Task goal
Output the data below only from the line containing "Suéter color azul" up to and including the line containing "16.金色的草地蒲公英盛开玩耍喊 打哈欠钓鱼而是观察有趣喜爱睡觉合拢 引人注目一本正经(1)乡下是什么地方?", exact and with the pictures left out.

Data records
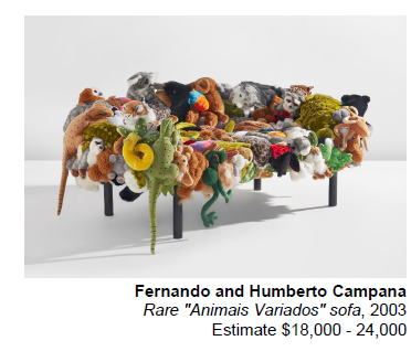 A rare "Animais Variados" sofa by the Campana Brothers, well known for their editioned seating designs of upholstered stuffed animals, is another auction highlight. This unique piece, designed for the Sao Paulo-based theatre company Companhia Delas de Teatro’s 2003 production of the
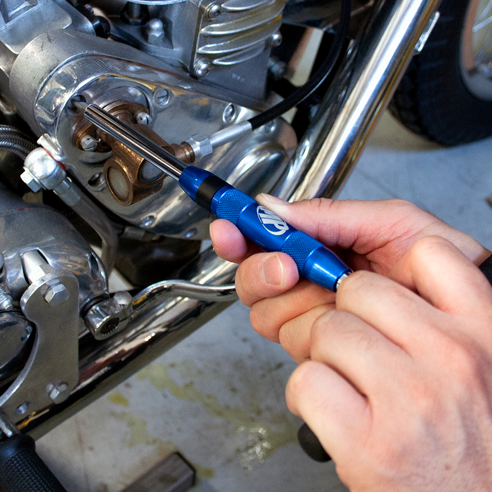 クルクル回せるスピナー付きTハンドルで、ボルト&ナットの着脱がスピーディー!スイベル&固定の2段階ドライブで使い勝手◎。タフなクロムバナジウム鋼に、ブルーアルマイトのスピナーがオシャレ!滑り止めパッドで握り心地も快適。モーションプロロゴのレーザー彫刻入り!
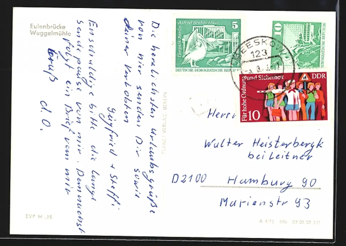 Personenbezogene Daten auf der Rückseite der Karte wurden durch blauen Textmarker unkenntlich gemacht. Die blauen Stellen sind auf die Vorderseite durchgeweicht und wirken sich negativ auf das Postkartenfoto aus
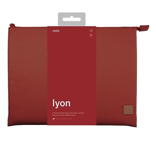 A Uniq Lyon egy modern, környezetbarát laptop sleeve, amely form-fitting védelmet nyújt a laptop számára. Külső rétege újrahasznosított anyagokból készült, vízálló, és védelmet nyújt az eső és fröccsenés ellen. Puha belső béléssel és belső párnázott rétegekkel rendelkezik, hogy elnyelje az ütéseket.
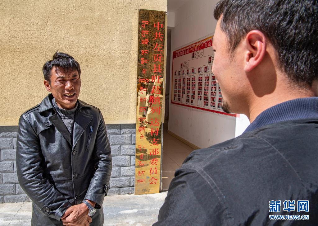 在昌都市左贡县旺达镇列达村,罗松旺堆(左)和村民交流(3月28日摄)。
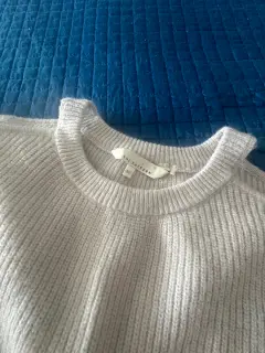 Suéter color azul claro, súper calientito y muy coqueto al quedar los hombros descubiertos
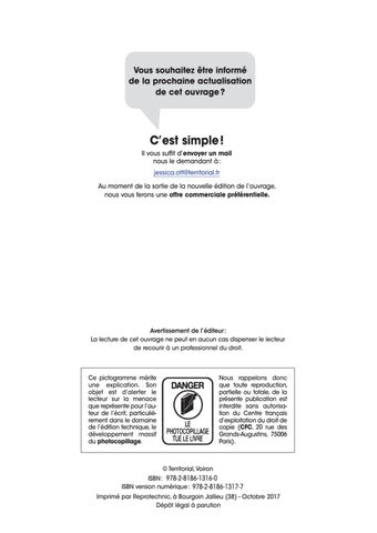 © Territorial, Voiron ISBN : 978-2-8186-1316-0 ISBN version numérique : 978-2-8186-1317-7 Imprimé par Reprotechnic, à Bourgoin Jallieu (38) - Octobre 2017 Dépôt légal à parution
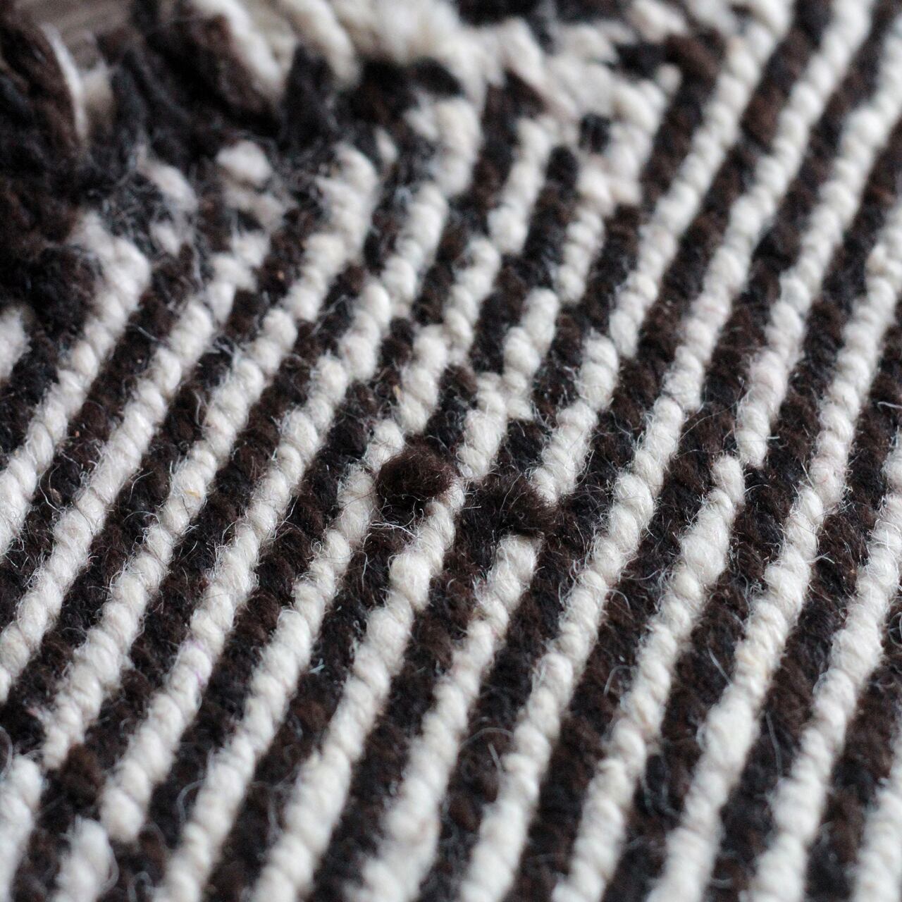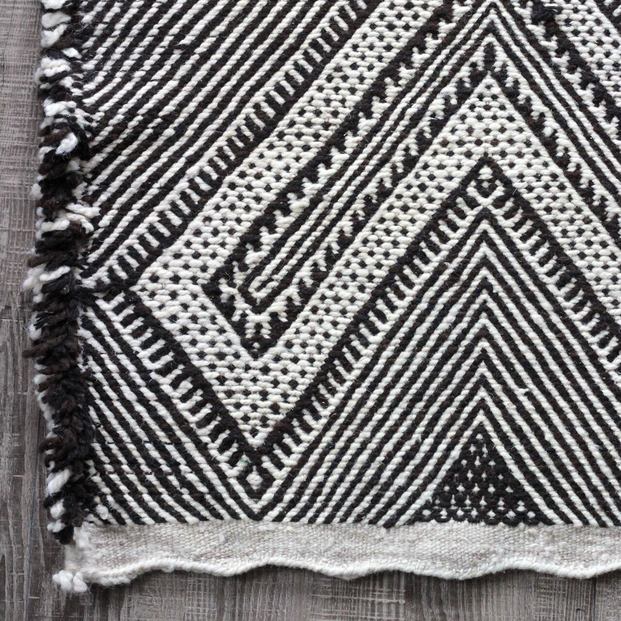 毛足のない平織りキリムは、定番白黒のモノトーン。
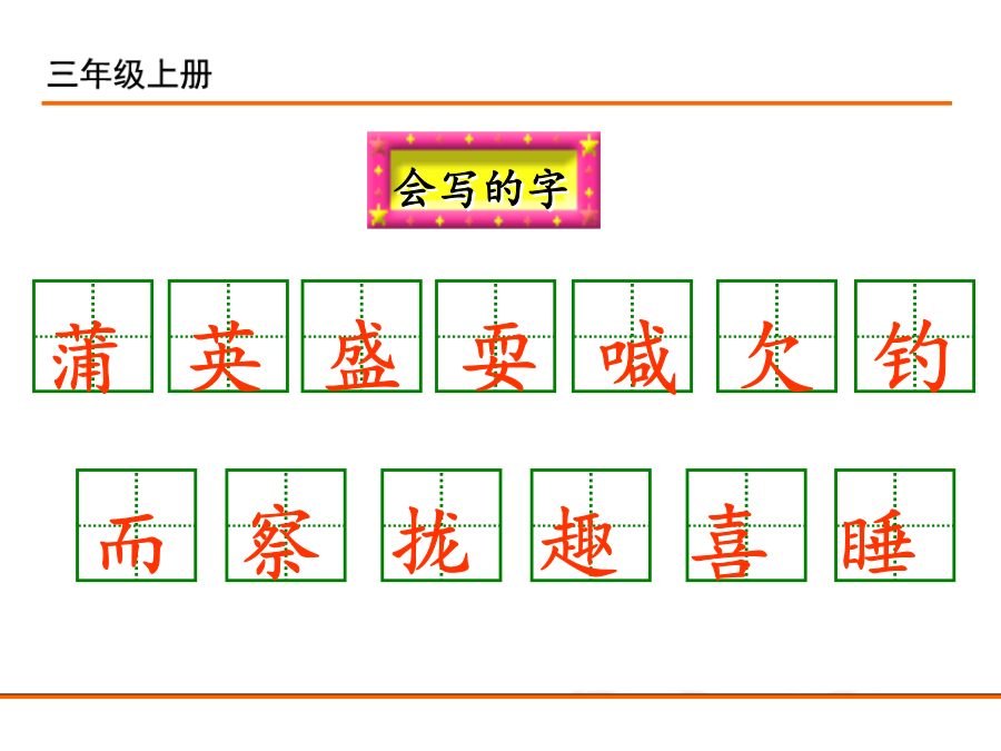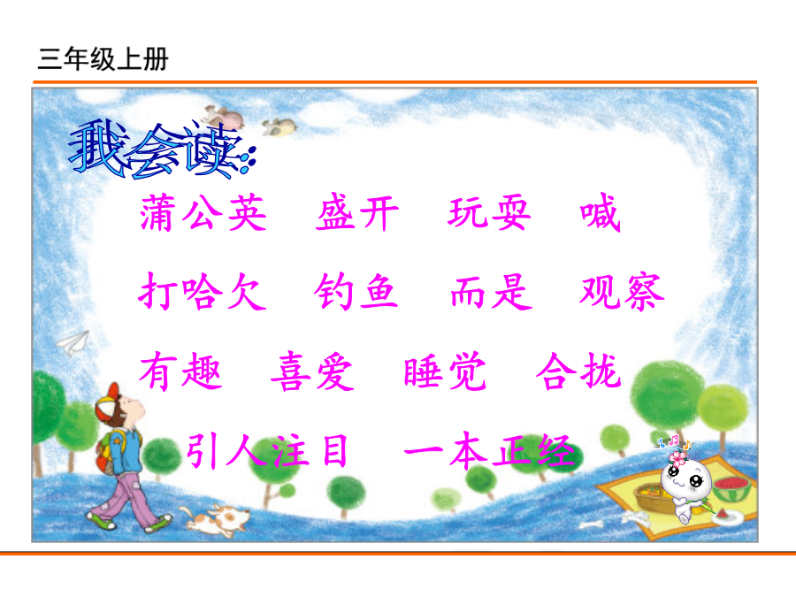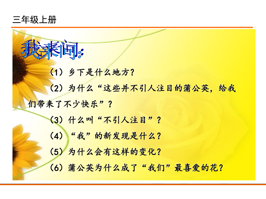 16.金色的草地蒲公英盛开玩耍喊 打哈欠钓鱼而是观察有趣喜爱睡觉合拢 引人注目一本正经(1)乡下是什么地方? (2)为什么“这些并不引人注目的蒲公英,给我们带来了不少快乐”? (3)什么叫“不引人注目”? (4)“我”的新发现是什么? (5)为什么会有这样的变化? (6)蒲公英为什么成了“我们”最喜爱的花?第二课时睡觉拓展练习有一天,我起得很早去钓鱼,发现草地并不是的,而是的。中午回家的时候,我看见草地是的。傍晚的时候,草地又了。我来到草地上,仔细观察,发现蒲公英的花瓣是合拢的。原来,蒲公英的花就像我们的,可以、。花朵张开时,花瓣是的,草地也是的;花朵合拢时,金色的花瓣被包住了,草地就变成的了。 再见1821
---
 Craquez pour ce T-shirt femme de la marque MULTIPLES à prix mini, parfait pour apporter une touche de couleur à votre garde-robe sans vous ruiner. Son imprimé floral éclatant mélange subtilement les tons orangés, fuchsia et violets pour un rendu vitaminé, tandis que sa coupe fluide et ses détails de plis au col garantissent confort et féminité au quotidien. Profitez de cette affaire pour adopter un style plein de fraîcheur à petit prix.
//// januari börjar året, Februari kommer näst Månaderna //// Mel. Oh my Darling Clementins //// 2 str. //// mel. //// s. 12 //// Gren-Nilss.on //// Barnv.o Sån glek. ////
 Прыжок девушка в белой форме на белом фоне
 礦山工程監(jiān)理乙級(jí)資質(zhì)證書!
==
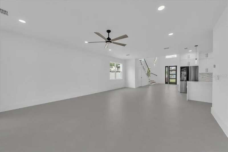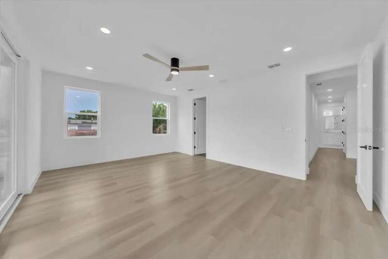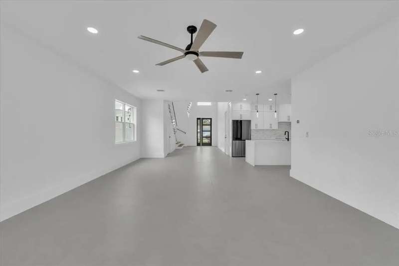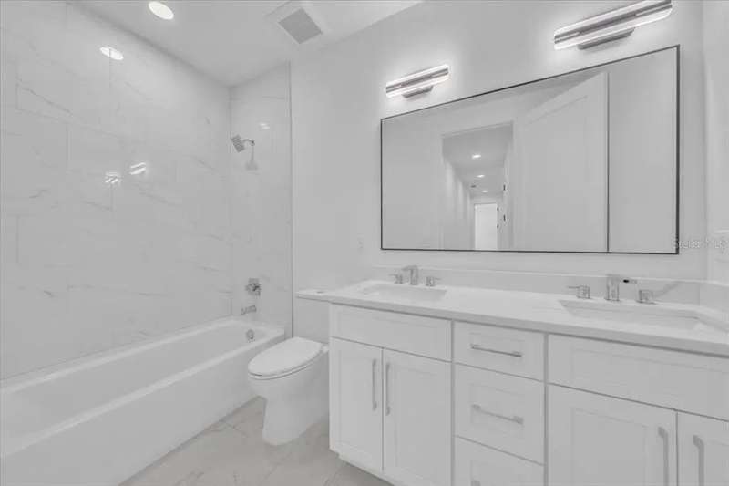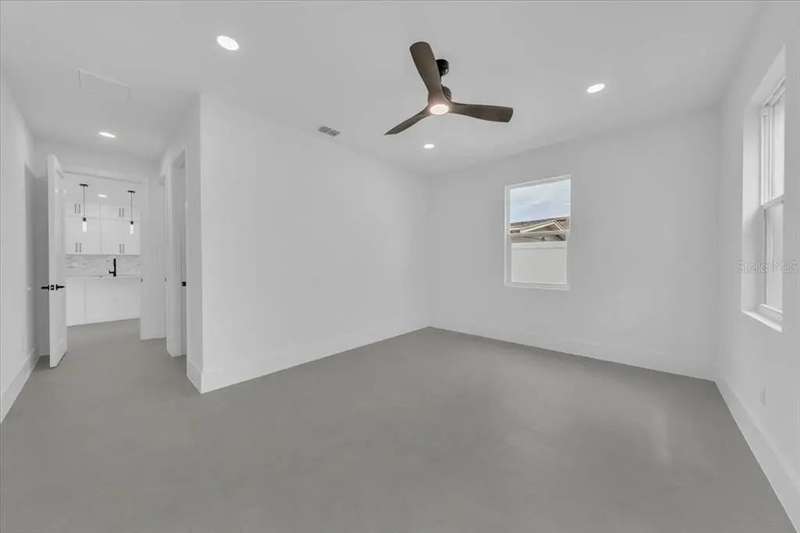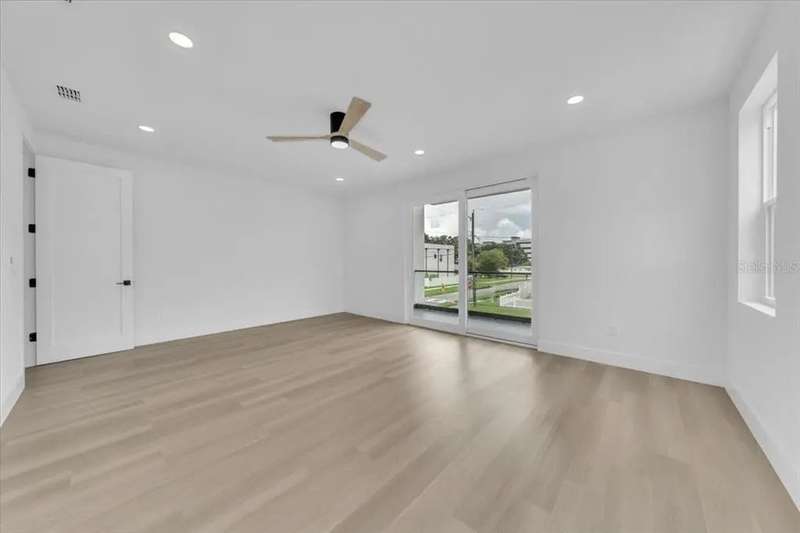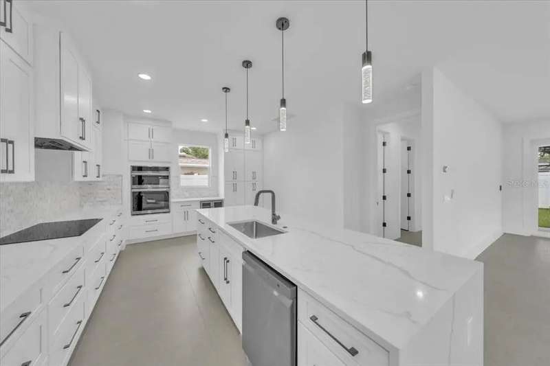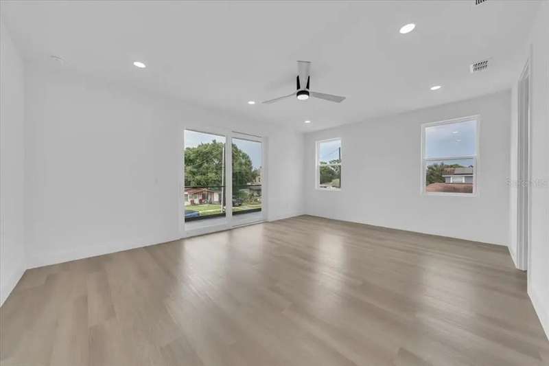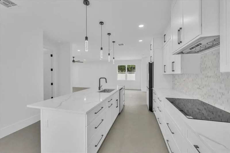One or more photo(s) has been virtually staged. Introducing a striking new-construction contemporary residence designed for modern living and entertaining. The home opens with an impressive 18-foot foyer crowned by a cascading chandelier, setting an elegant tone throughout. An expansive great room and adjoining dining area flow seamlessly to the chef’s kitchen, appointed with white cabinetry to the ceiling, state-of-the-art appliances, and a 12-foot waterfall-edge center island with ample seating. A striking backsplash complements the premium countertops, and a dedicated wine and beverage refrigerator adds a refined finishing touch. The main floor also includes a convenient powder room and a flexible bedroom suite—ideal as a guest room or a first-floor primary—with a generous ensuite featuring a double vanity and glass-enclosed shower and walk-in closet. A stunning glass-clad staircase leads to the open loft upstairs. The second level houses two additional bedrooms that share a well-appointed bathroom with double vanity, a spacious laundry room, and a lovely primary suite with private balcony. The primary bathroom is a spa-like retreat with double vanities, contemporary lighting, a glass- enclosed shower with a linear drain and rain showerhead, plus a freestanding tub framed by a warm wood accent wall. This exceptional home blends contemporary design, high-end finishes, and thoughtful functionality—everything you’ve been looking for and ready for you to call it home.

Solution to this exercise
 Suéter color azul claro, súper calientito y muy coqueto al quedar los hombros descubiertos
 © Territorial, Voiron ISBN : 978-2-8186-1316-0 ISBN version numérique : 978-2-8186-1317-7 Imprimé par Reprotechnic, à Bourgoin Jallieu (38) - Octobre 2017 Dépôt légal à parution
 毛足のない平織りキリムは、定番白黒のモノトーン。
 16.金色的草地蒲公英盛开玩耍喊 打哈欠钓鱼而是观察有趣喜爱睡觉合拢 引人注目一本正经(1)乡下是什么地方? (2)为什么“这些并不引人注目的蒲公英,给我们带来了不少快乐”? (3)什么叫“不引人注目”? (4)“我”的新发现是什么? (5)为什么会有这样的变化? (6)蒲公英为什么成了“我们”最喜爱的花?第二课时睡觉拓展练习有一天,我起得很早去钓鱼,发现草地并不是的,而是的。中午回家的时候,我看见草地是的。傍晚的时候,草地又了。我来到草地上,仔细观察,发现蒲公英的花瓣是合拢的。原来,蒲公英的花就像我们的,可以、。花朵张开时,花瓣是的,草地也是的;花朵合拢时,金色的花瓣被包住了,草地就变成的了。 再见1821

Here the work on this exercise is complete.